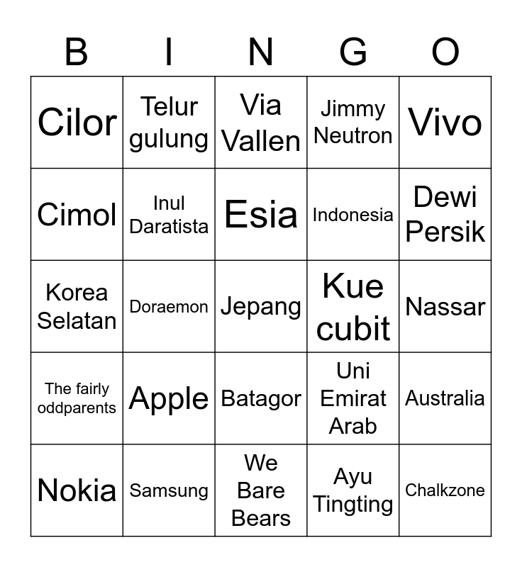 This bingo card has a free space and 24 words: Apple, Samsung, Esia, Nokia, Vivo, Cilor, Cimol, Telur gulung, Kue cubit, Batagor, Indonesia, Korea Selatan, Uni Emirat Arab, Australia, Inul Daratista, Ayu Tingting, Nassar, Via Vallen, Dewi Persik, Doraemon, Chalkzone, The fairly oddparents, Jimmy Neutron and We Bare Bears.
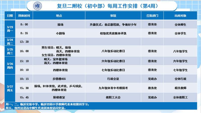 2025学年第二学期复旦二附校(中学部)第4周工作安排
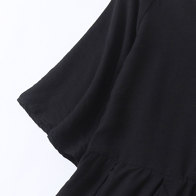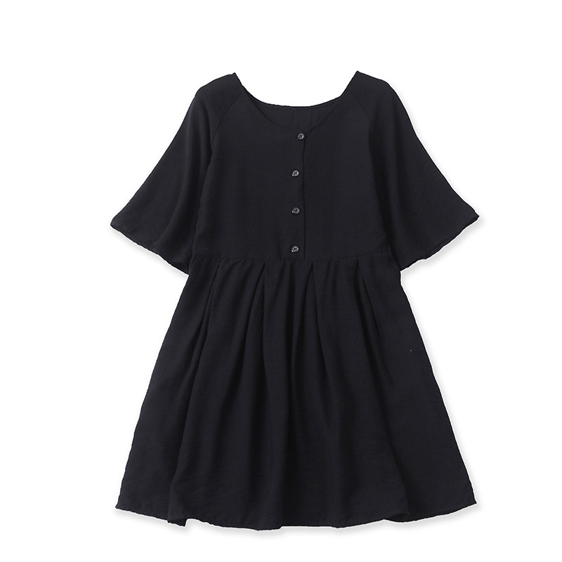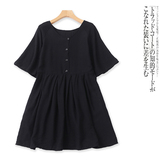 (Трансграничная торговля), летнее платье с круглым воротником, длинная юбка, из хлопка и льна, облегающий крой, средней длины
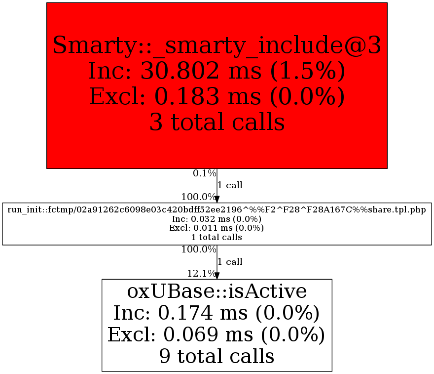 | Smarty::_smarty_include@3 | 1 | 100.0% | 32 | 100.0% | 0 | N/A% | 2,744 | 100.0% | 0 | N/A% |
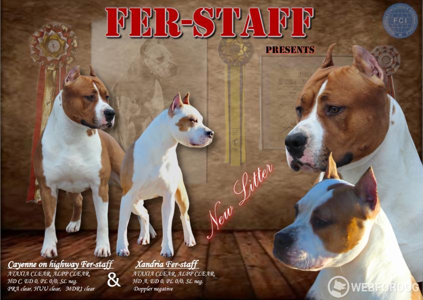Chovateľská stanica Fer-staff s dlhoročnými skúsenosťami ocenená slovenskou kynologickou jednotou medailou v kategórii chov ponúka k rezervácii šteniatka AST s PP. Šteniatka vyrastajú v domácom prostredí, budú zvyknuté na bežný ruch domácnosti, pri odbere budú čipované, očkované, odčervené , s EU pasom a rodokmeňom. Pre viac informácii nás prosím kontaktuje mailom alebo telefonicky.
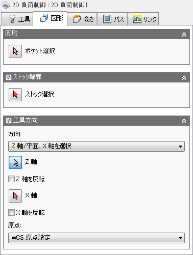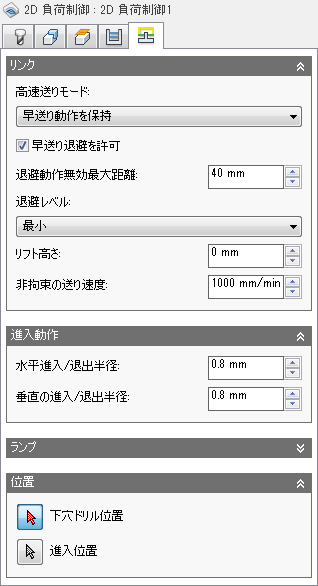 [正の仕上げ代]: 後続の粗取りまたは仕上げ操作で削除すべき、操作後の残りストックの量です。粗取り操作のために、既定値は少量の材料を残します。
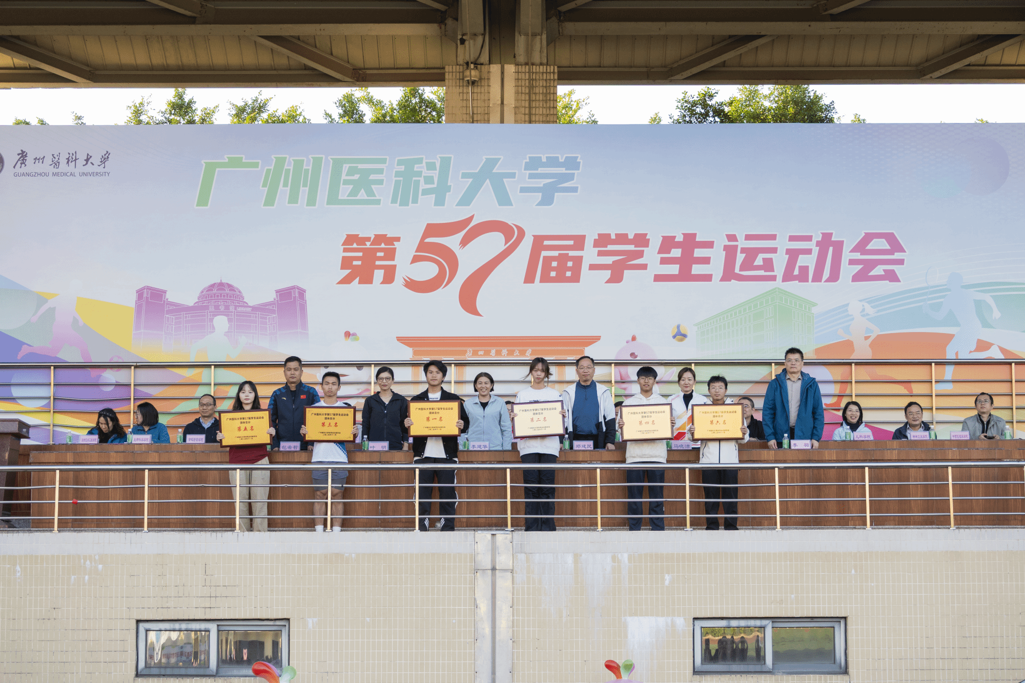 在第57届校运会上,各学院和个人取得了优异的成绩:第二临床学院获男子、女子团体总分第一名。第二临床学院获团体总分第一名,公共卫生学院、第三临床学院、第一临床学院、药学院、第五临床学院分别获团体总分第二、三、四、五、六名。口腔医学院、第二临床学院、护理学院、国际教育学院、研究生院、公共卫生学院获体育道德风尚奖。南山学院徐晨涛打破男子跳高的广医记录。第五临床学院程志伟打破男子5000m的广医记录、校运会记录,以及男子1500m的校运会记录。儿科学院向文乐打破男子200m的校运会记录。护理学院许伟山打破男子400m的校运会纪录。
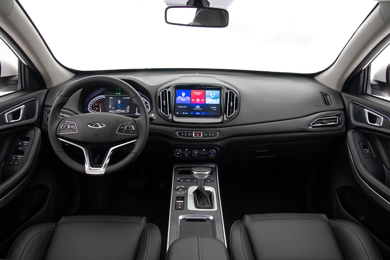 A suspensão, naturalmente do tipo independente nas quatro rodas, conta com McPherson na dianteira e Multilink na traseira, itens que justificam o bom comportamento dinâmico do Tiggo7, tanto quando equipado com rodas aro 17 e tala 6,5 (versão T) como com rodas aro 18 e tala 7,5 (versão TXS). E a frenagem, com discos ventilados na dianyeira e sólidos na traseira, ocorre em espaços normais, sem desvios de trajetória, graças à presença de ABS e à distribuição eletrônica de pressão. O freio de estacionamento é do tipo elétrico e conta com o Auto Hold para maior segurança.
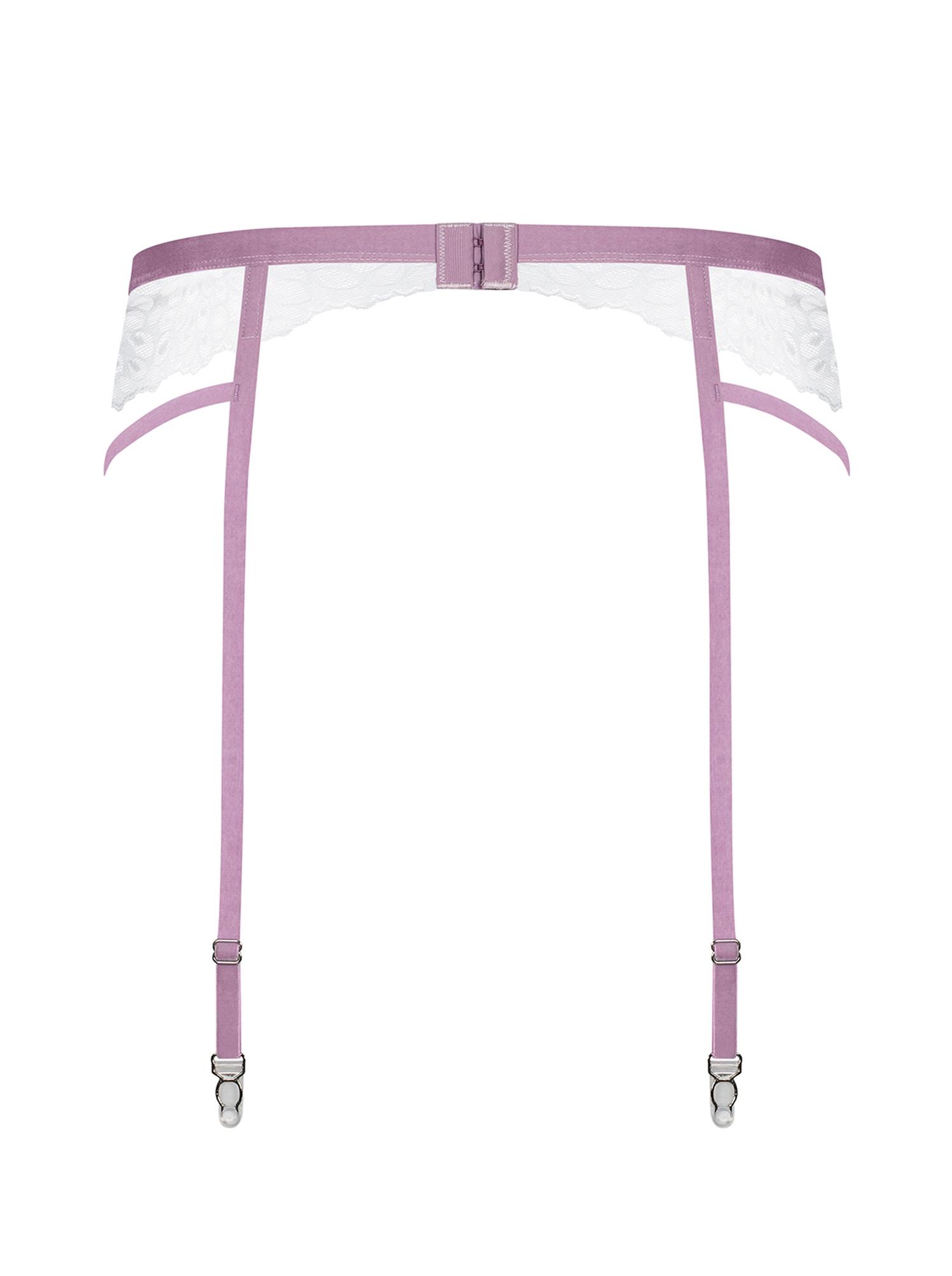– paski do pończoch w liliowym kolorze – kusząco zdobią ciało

--

--- TASK ---
Word for word, retype the material above without its pictures.

--- TASK SOLUTION ---
 This bingo card has a free space and 24 words: Apple, Samsung, Esia, Nokia, Vivo, Cilor, Cimol, Telur gulung, Kue cubit, Batagor, Indonesia, Korea Selatan, Uni Emirat Arab, Australia, Inul Daratista, Ayu Tingting, Nassar, Via Vallen, Dewi Persik, Doraemon, Chalkzone, The fairly oddparents, Jimmy Neutron and We Bare Bears.
 2025学年第二学期复旦二附校(中学部)第4周工作安排
 (Трансграничная торговля), летнее платье с круглым воротником, длинная юбка, из хлопка и льна, облегающий крой, средней длины
 | Smarty::_smarty_include@3 | 1 | 100.0% | 32 | 100.0% | 0 | N/A% | 2,744 | 100.0% | 0 | N/A% |
Chovateľská stanica Fer-staff s dlhoročnými skúsenosťami ocenená slovenskou kynologickou jednotou medailou v kategórii chov ponúka k rezervácii šteniatka AST s PP. Šteniatka vyrastajú v domácom prostredí, budú zvyknuté na bežný ruch domácnosti, pri odbere budú čipované, očkované, odčervené , s EU pasom a rodokmeňom. Pre viac informácii nás prosím kontaktuje mailom alebo telefonicky.
 [正の仕上げ代]: 後続の粗取りまたは仕上げ操作で削除すべき、操作後の残りストックの量です。粗取り操作のために、既定値は少量の材料を残します。
 在第57届校运会上,各学院和个人取得了优异的成绩:第二临床学院获男子、女子团体总分第一名。第二临床学院获团体总分第一名,公共卫生学院、第三临床学院、第一临床学院、药学院、第五临床学院分别获团体总分第二、三、四、五、六名。口腔医学院、第二临床学院、护理学院、国际教育学院、研究生院、公共卫生学院获体育道德风尚奖。南山学院徐晨涛打破男子跳高的广医记录。第五临床学院程志伟打破男子5000m的广医记录、校运会记录,以及男子1500m的校运会记录。儿科学院向文乐打破男子200m的校运会记录。护理学院许伟山打破男子400m的校运会纪录。
 A suspensão, naturalmente do tipo independente nas quatro rodas, conta com McPherson na dianteira e Multilink na traseira, itens que justificam o bom comportamento dinâmico do Tiggo7, tanto quando equipado com rodas aro 17 e tala 6,5 (versão T) como com rodas aro 18 e tala 7,5 (versão TXS). E a frenagem, com discos ventilados na dianyeira e sólidos na traseira, ocorre em espaços normais, sem desvios de trajetória, graças à presença de ABS e à distribuição eletrônica de pressão. O freio de estacionamento é do tipo elétrico e conta com o Auto Hold para maior segurança.
– paski do pończoch w liliowym kolorze – kusząco zdobią ciało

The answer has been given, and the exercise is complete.